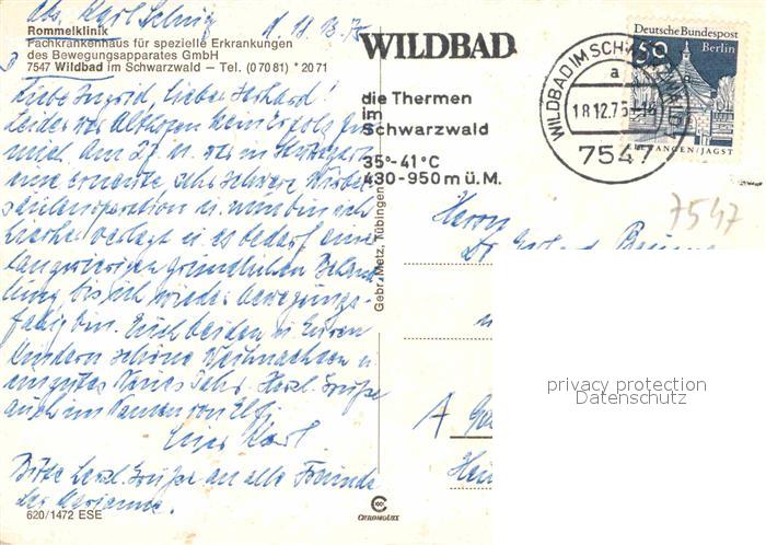 72882931 alte Postkarte Bad Wildbad Rommelklinik postalisch gelaufen Erhaltung siehe scans [AndreD76] KatCode: 11110008235079
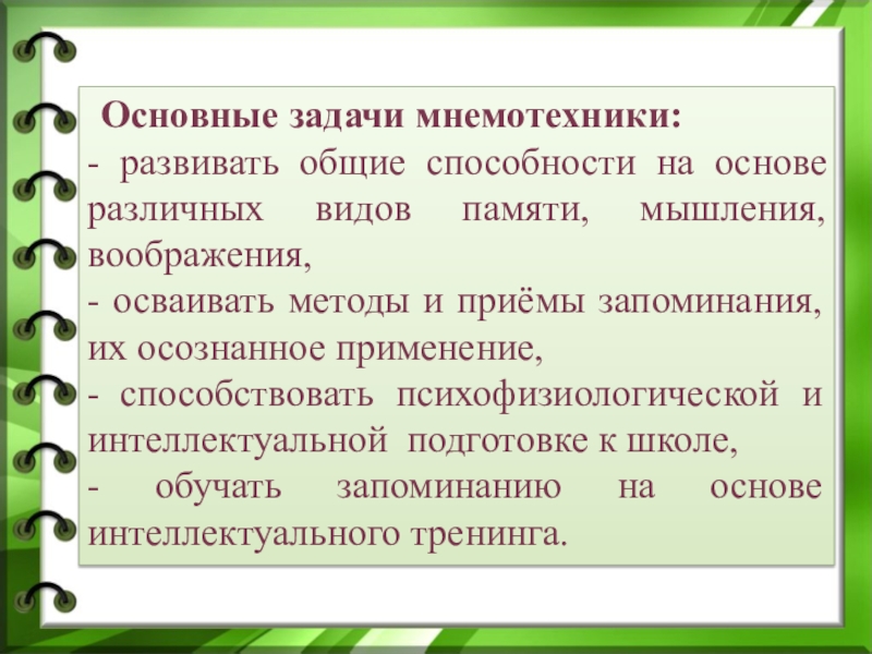 Слайд 6 Основные задачи мнемотехники:
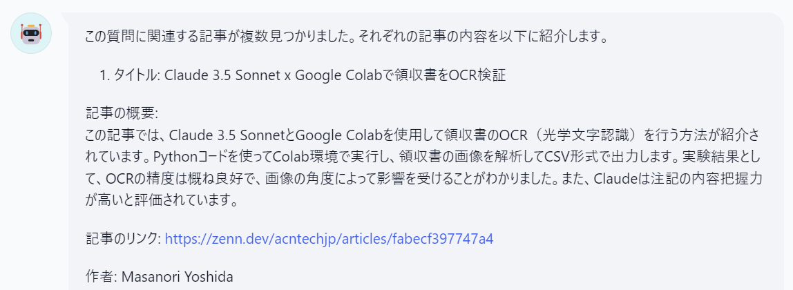ただ、「Zenn記事データ」がRAGの部分になるのですが、どのように作るか、チューニングするかが重要になってきます。
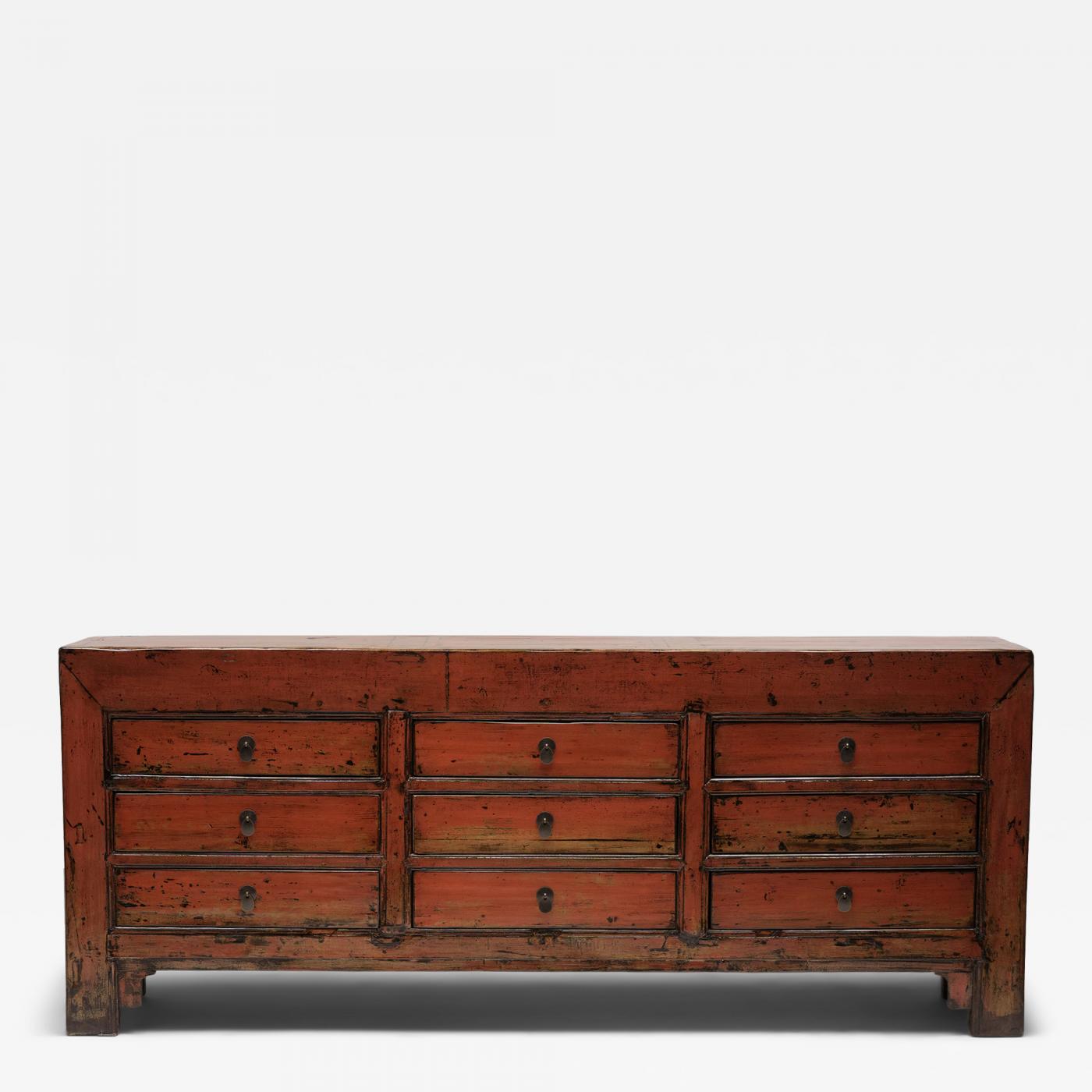 Depth: 17.75" // This 19th-century storage chest balances a streamlined silhouette with vibrant color and wabi-sabi textures. Originally configured to open from the top, the cabinet's paneled front has been modified into nine shallow drawers, each with a simple brass teardrop pull. The exterior has been brushed with a sheer layer of red-orange lacquer atop a heavily worn finish for renewed vibrancy and a richly textured surface. The lacquer's warm red color and cloudy opacity reminds us of red coral or carnelian stone, two fine materials known for their beauty and protective qualities.
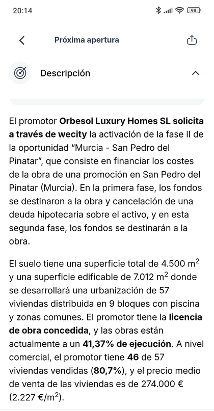 Hola @marilo123 Gracias por contestar. Pero, tienen el 80% de las viviendas vendidas. ¿Eso puede dar algo de tranquilidad? ¿O igual pueden dar algún susto al final del proyecto?
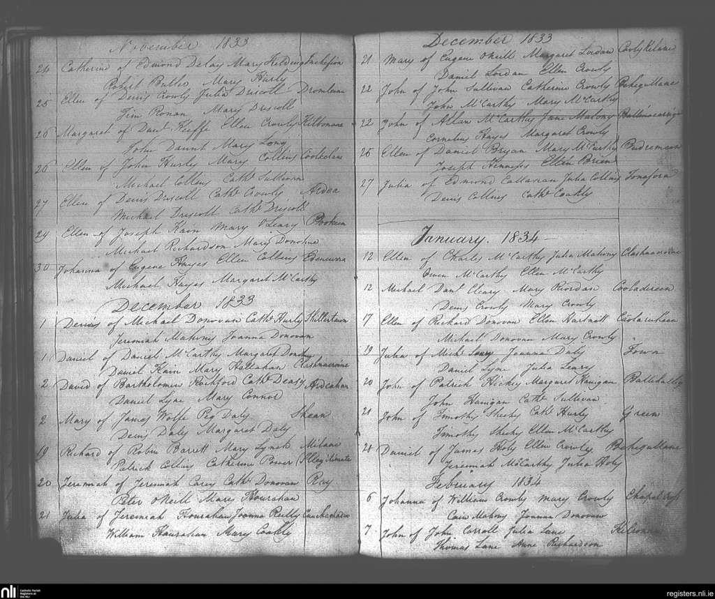 Dunmanway; County of Cork; Diocese of Cork and Ross. Baptisms, Nov. 1833 to Feb. 1834
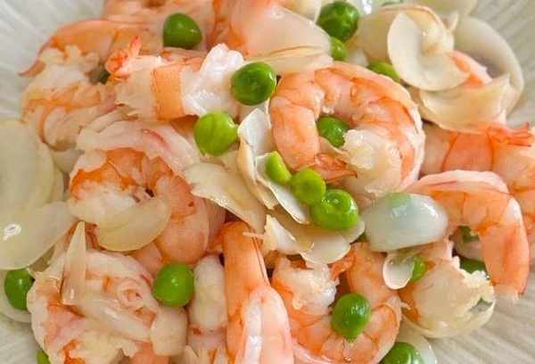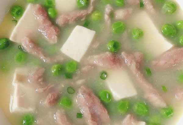 4.加入豌豆煮至浮起,然后加入嫩豆腐煮两分钟。5、豆腐煮熟后,加入腌好的肉片,煮两分钟至变色,最后加少许盐调味,拌匀煮熟即可出锅食用。
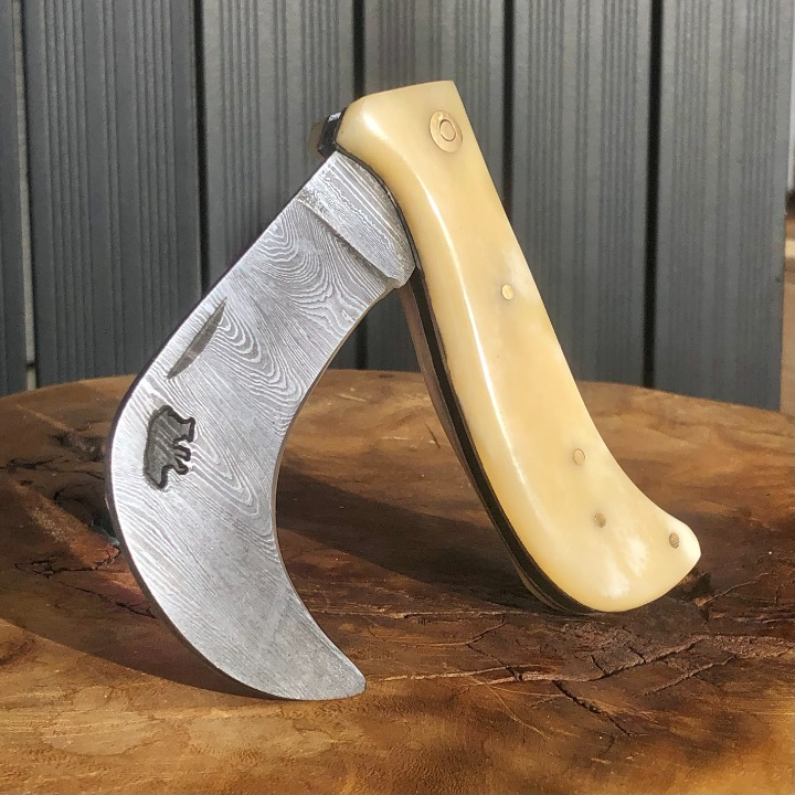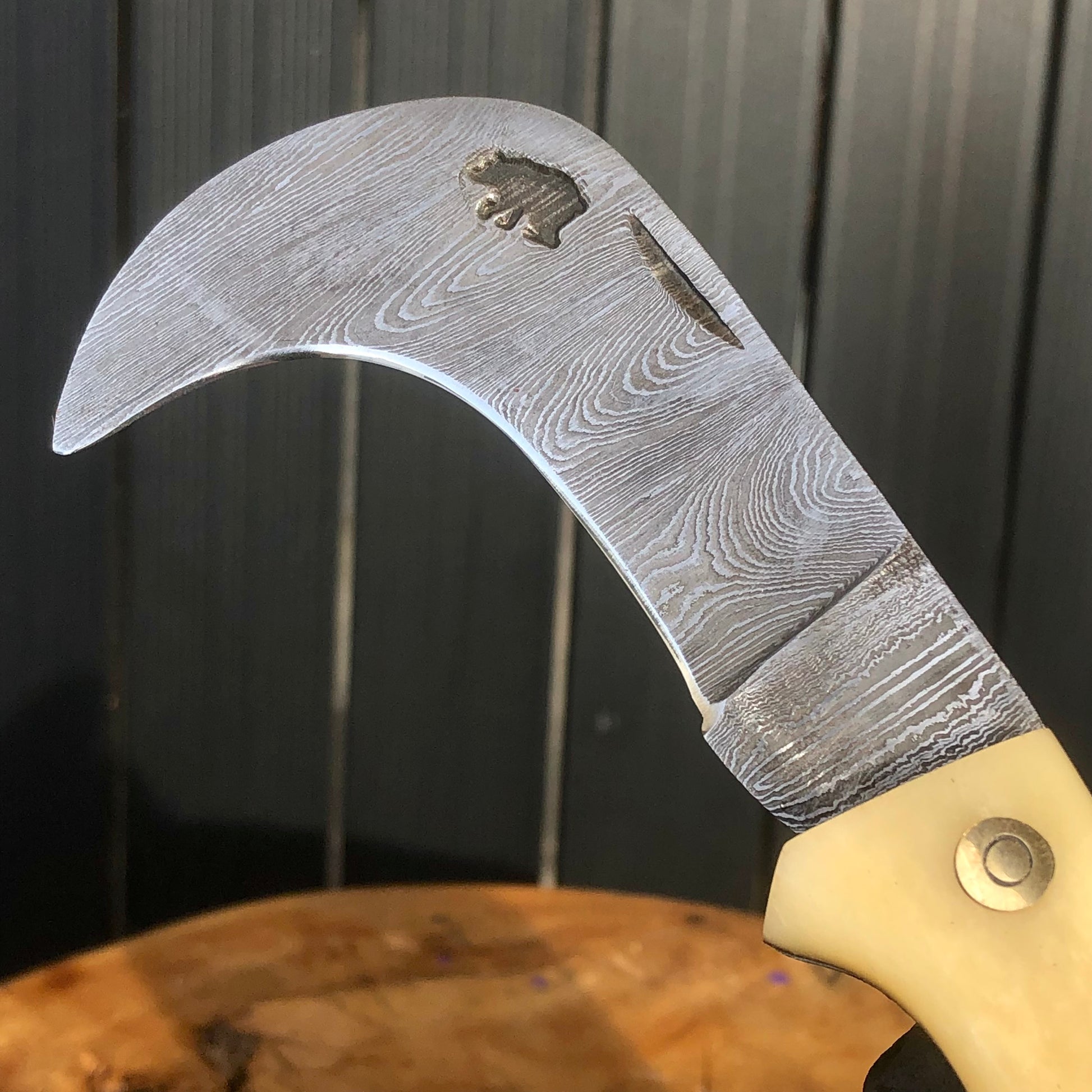 Cette serpette arbore une lame courbe au design traditionnel, inspirée des outils anciens. Forgée en acier de Damas, elle présente de magnifiques motifs ondulés uniques, signature de ce métal noble.
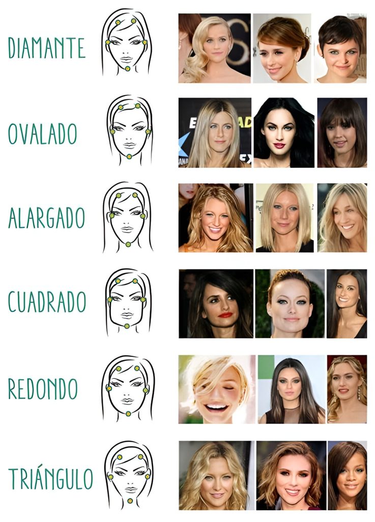 Los rostros con forma de diamante tienen pómulos altos y una frente y mandíbula estrechas. Los cortes que más les favorecen son: Cortes a capas para añadir volumen alrededor de la mandíbula. Rayas laterales para suavizar los ángulos. Estilos a la altura de los hombros para equilibrar la forma del rostro.

::::

The problem:
Without the pictures, please output every record exactly.

Solution to this task:
 72882931 alte Postkarte Bad Wildbad Rommelklinik postalisch gelaufen Erhaltung siehe scans [AndreD76] KatCode: 11110008235079
 Слайд 6 Основные задачи мнемотехники:
ただ、「Zenn記事データ」がRAGの部分になるのですが、どのように作るか、チューニングするかが重要になってきます。
 Depth: 17.75" // This 19th-century storage chest balances a streamlined silhouette with vibrant color and wabi-sabi textures. Originally configured to open from the top, the cabinet's paneled front has been modified into nine shallow drawers, each with a simple brass teardrop pull. The exterior has been brushed with a sheer layer of red-orange lacquer atop a heavily worn finish for renewed vibrancy and a richly textured surface. The lacquer's warm red color and cloudy opacity reminds us of red coral or carnelian stone, two fine materials known for their beauty and protective qualities.
 Hola @marilo123 Gracias por contestar. Pero, tienen el 80% de las viviendas vendidas. ¿Eso puede dar algo de tranquilidad? ¿O igual pueden dar algún susto al final del proyecto?
 Dunmanway; County of Cork; Diocese of Cork and Ross. Baptisms, Nov. 1833 to Feb. 1834
 4.加入豌豆煮至浮起,然后加入嫩豆腐煮两分钟。5、豆腐煮熟后,加入腌好的肉片,煮两分钟至变色,最后加少许盐调味,拌匀煮熟即可出锅食用。
 Cette serpette arbore une lame courbe au design traditionnel, inspirée des outils anciens. Forgée en acier de Damas, elle présente de magnifiques motifs ondulés uniques, signature de ce métal noble.
 Los rostros con forma de diamante tienen pómulos altos y una frente y mandíbula estrechas. Los cortes que más les favorecen son: Cortes a capas para añadir volumen alrededor de la mandíbula. Rayas laterales para suavizar los ángulos. Estilos a la altura de los hombros para equilibrar la forma del rostro.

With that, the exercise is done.